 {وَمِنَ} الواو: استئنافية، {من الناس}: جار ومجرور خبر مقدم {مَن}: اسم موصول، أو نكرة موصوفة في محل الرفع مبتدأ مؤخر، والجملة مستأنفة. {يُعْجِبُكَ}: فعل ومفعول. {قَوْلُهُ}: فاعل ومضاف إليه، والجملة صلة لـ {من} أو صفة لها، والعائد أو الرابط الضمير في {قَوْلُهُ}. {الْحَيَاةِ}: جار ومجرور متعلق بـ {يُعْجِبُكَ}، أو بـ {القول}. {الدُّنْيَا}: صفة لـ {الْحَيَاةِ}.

==

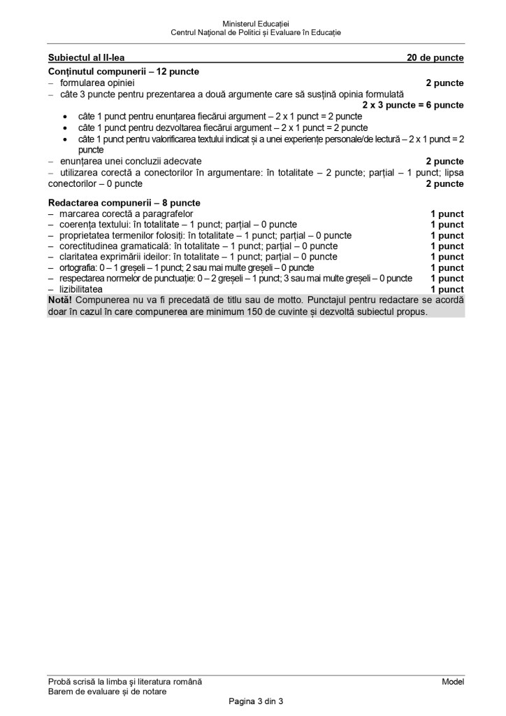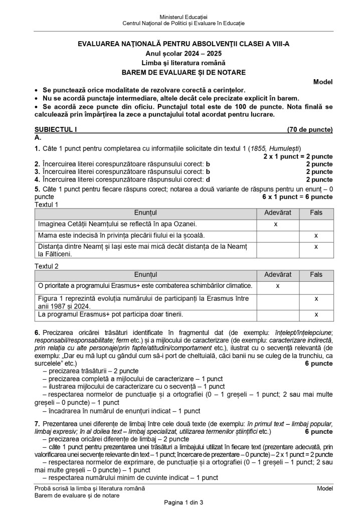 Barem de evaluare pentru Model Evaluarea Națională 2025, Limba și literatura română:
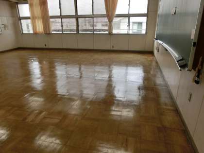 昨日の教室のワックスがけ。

Task instructions: Write back the stretch of lines above that begins with the line holding "Barem de evaluare" and ends with the line holding "昨日の教室のワックスがけ。", both included, exactly as written. Pictures stay out.

Written solution:
 Barem de evaluare pentru Model Evaluarea Națională 2025, Limba și literatura română:
 昨日の教室のワックスがけ。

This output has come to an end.